In 2002, an international consortium achieved a successful flow test from hydrate-bearing sands at the Mallik structure in the Canadian Arctic. While the rates of production were deliberately kept low, the test validated the producibility of natural gas from hydrate.

Because of increasing gas demand, gas-hydrate research and appraisal programs are being undertaken in several nations, including the U.S. The most ambitious programs are those of India and Japan, with India planning commercial production of gas from hydrate before the end of this decade. Successful development there will doubtless accelerate development programs throughout the world.

Myth No. 4: Hydrate resources in the Gulf of Mexico have no net present value, so they can be ignored in lease sales. In 1998, the solicitor of the U.S. Department of the Interior determined that gas hydrate and associated free gas are included in the potential resources of deepwater outer continental shelf oil and gas leases. The Minerals Management Service, the agency responsible for management and regulation of offshore federal lands, recently completed a new assessment of technically recoverable gas-hydrate resources for the Gulf and other offshore U.S. basins.

This assessment used 3-D-multichannel seismic, logging-while-drilling (LWD) and electric logs, and other data to define sand fairways within the zone of hydrate stability and identify exploration wells that may have encountered hydrate within this sedimentary section. The DOE Gulf of Mexico Gas Hydrate joint industry project is also evaluating locations likely to contain hydrate-bearing sands for additional drilling legs in the spring of 2007 and 2008.

Significant technical, engineering and regulatory challenges will have to be overcome to delineate and begin production from Gulf gas-hydrate deposits. Shortages of natural gas, which could intensify from supply interruptions, will increase pressure to fast-track hydrate exploration and production.

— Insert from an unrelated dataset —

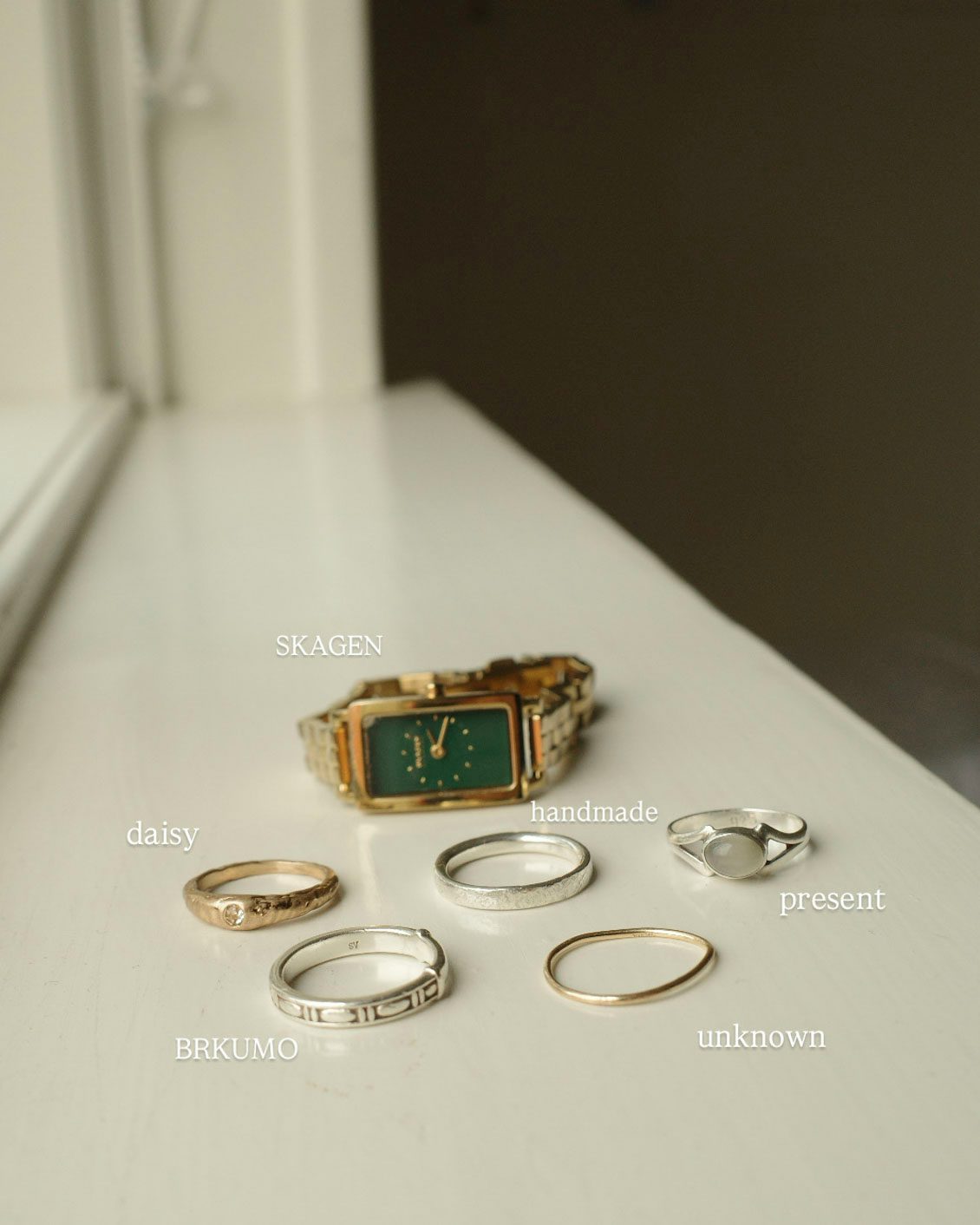 「シルバーとゴールドのアクセサリーをミックスして身につけるのが好きです。最近は、派手すぎず、スタイリングにさりげなく溶け込む、シックなデザインを組み合わせることが多くなりました。

Even before commercial production from gas-hydrate development programs in other countries appears to be imminent, the need to test production methods in the Gulf may be unavoidable. Deepwater operators should already be considering accelerated hydrate research programs to take advantage of the full value of some federal Gulf leases.



New activities

The pace of gas-hydrate research and assessment activity is accelerating with numerous field programs scheduled during the next two years. In early 2007, BP Alaska will drill, log and core a hydrate evaluation well in Milne Point Field on the North Slope. Successful results will likely lead to a production test within a few years.

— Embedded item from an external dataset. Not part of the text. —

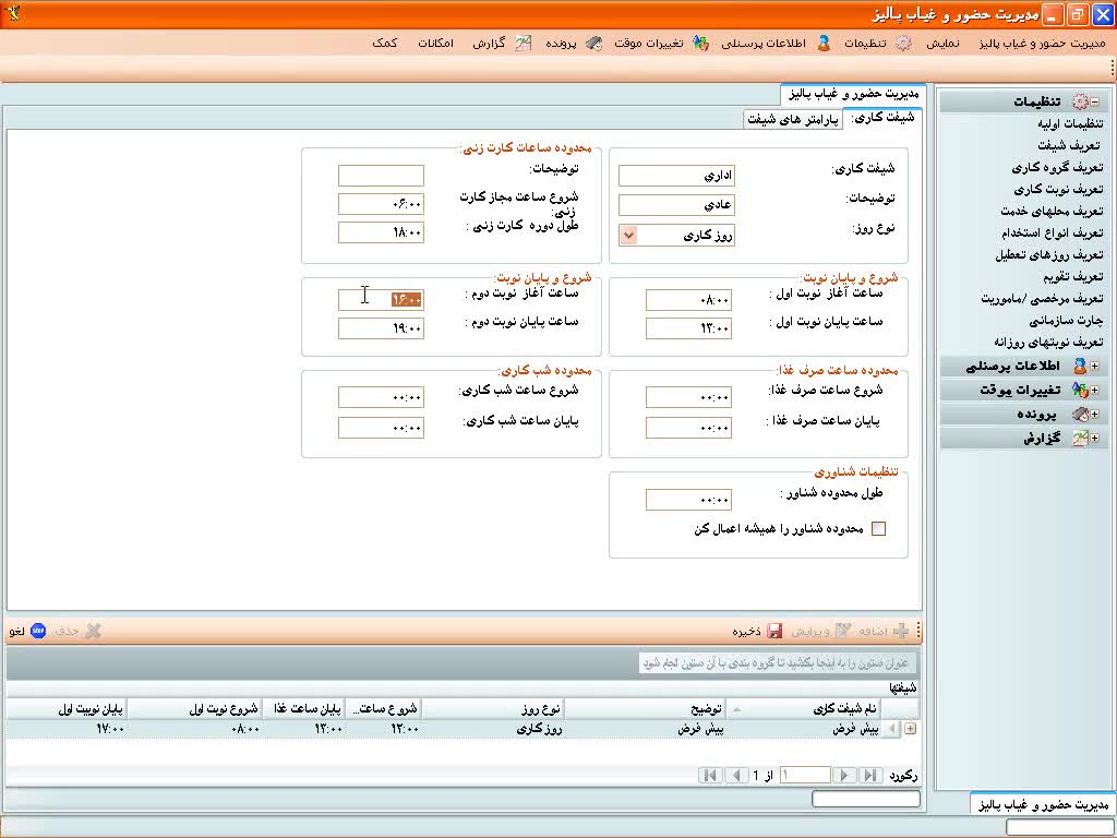 تعریف شیفت های کاری در نرم افزار حضور و غیاب | قسمت 4

Canada and Japan are conducting a production test of a hydrate-bearing formation in the Canadian Arctic this winter, and a longer-duration (75- to 80-day) production test during the winter of 2007-08.

China will conduct offshore drilling operations to assess hydrate resource potential this spring; and South Korea will drill for hydrates off its coast this coming fall. Following the initial results of its assessment program, India plans a gas-hydrate production test in 2008.

A growing international consortium of companies and government agencies led by Chevron drilled several wells in the Gulf of Mexico in 2005. Potential sites are currently being evaluated for the next phase of the consortium's program, with drilling operations beginning as early as mid-2007.

Long considered an opportunity for the distant future, gas hydrate is now rapidly emerging as a potential commercial resource. Operators in the Gulf of Mexico need to be aware of the gas potential from hydrates on their leases to assess their value properly. There are abundant opportunities for industry participation in these evaluation efforts. M



Arthur H. Johnson is president of Kenner, Louisiana-based Hydrate Energy International and retired from Chevron where he co-wrote the company's Gulf of Mexico program in 1995 for gas-hydrate studies. Michael A. Smith is U.S. Minerals Management Service team leader for geoscience operations in the Gulf of Mexico.